Indonesian Child Protection Commission commissioner, Sitti Hikmawatty, made the comments saying that women should exercise caution when bathing in the same pool as men or risk getting pregnant.
The woman who works for the National Commission for the Protection of Indonesian Children (KPAI) told local media: “There is an especially strong type of male sperm that may cause […] pregnancy in a swimming pool.
“Even without penetration, men may become sexually excited [by women in the pool] and ejaculate, therefore causing a pregnancy.”
In a further twist, she said that this was most likely to affect women who were currently sexually active.

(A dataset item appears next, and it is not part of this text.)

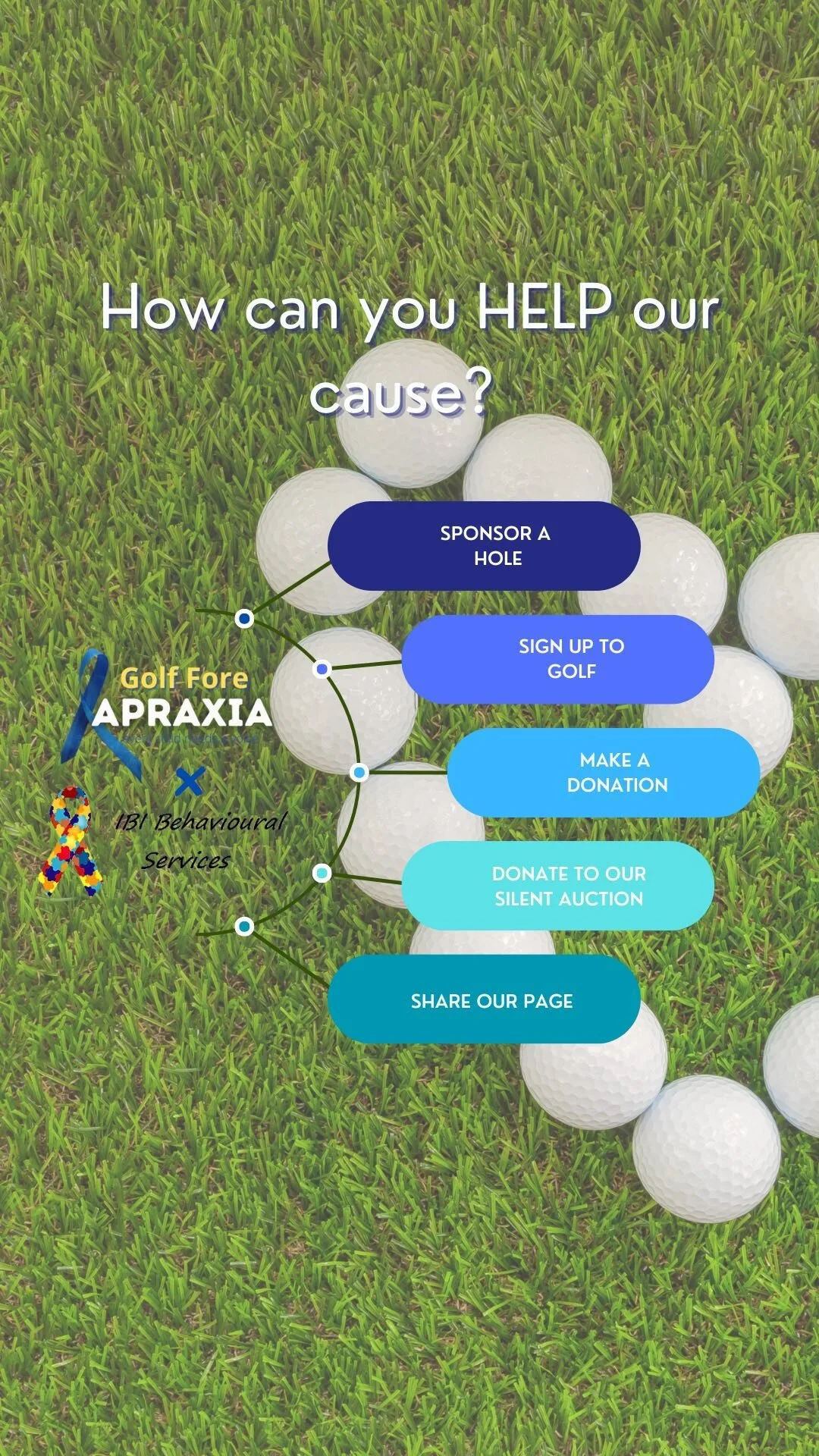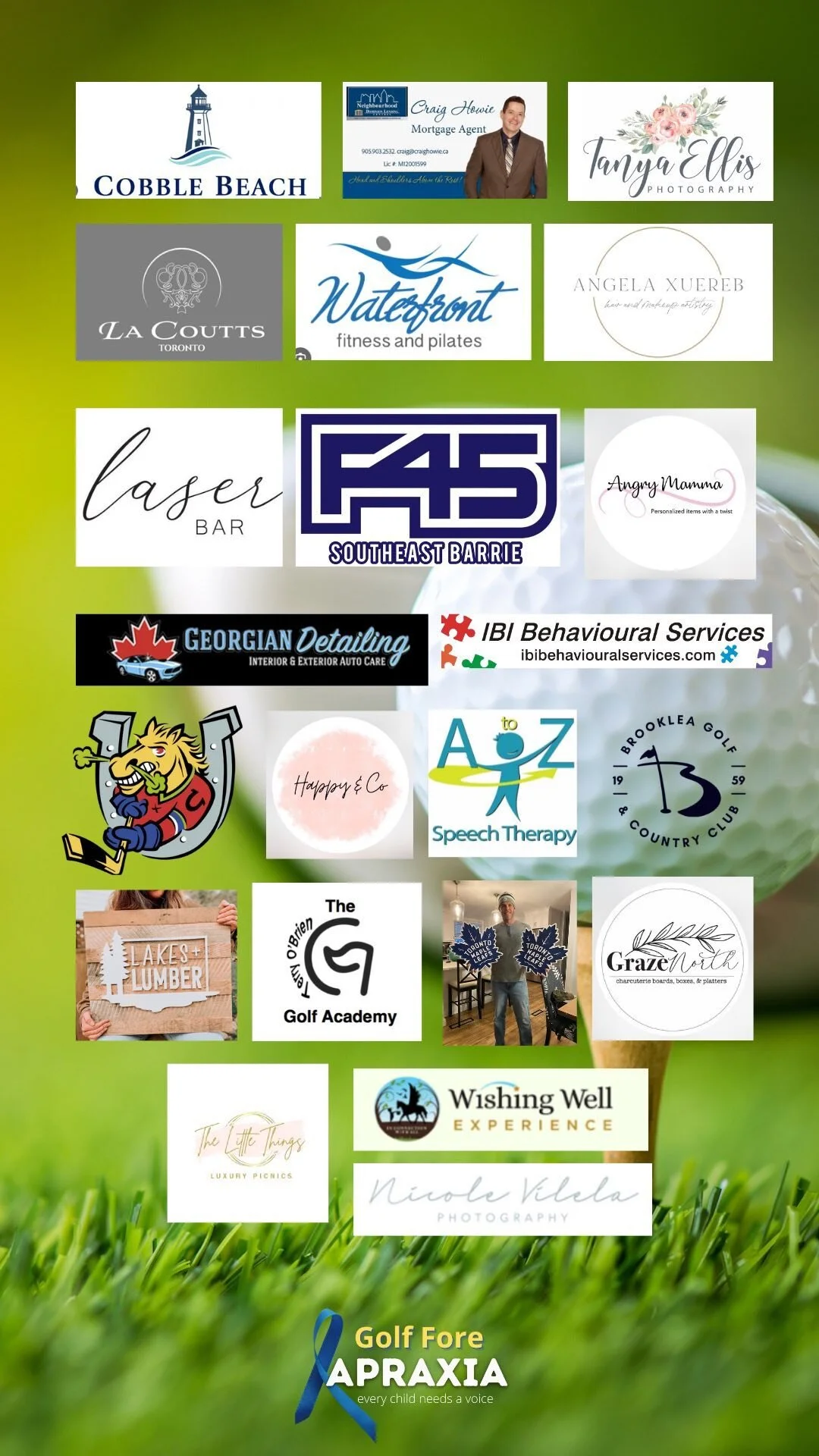 Invitation to save the date for September 20 at Allandale Golf Course featuring logos of IBI Behavioural Services, Unique Minds Academy, and APraxia, with a background of a boy golfing on the course.

She warned male swimmers could even ejaculate at the mere sight of a woman in the pool.
She told local media: “If women are in a phase where they are sexually active, pregnancy may occur. No one knows for sure how men react to the sight of women in a swimming pool.”

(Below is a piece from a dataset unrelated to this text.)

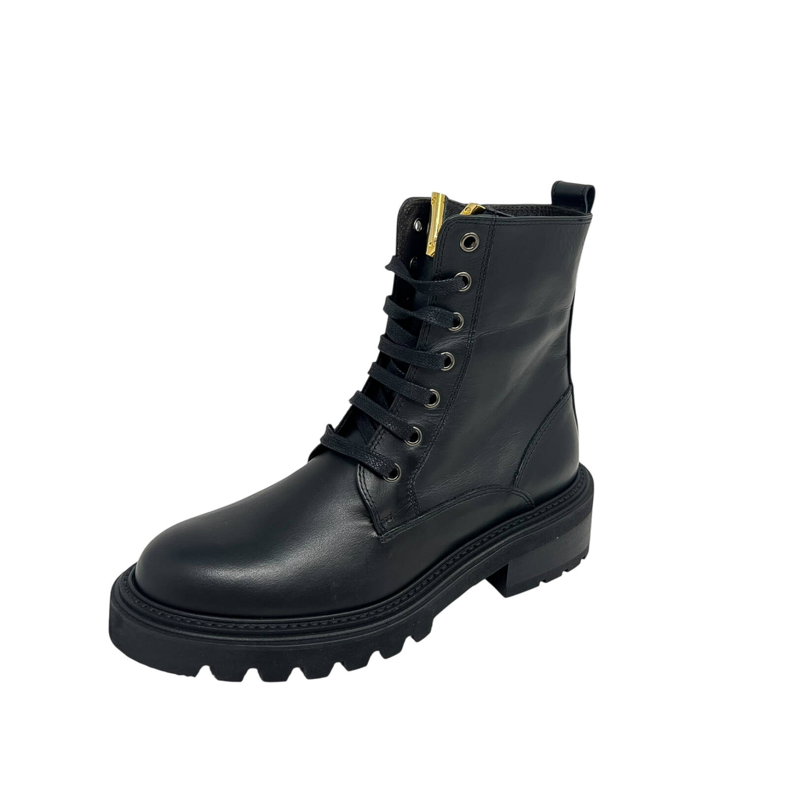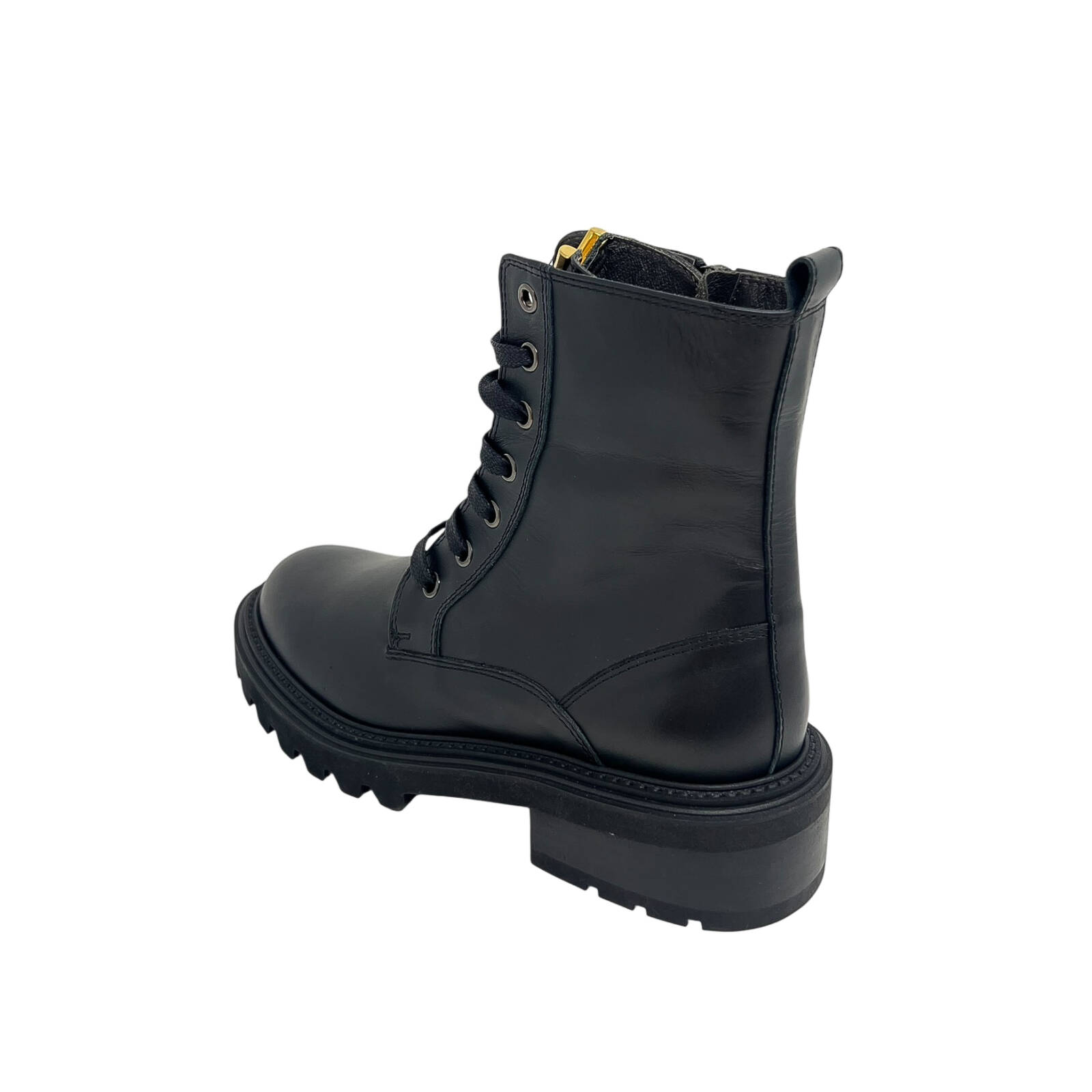 Anfibio in pelle nera con cerniera laterale e accessorio a V dorato sulla linguetta

Her comments were met with ridicule online and many were quick to criticise her statements, and she was also referred to a KPAI ethics committee which has now come to the conclusion that she is no longer fit to serve as a KPAI commissioner.
They concluded that she had exposed the role of commissioner, the KPAI that she worked for and the country to “condemnation and ridicule”. This is there were also shocked that she had not admitted her mistake despite the widespread condemnation.
She was given until yesterday to resign from the post and if not, was told there would be writing to President Joko Widodo to give her a dishonourable discharge.
In a statement after she failed to do so, KPAI Chairman Susanto said: “KPAI did not receive a resignation letter [from Sitti]. So, based on the result of the hearing, KPAI has recommended to the president to remove her from her post.”
Indonesian Doctors Association (IDI) executive Nazar told local media it was “impossible” for women to get pregnant in a swimming pool.
He said: “The water in swimming pools […] contains chlorine and other chemicals. Sperm cannot survive in these conditions.”
The commissioner has since retracted the statements.
She said: “It was a personal statement and not from the KPAI.”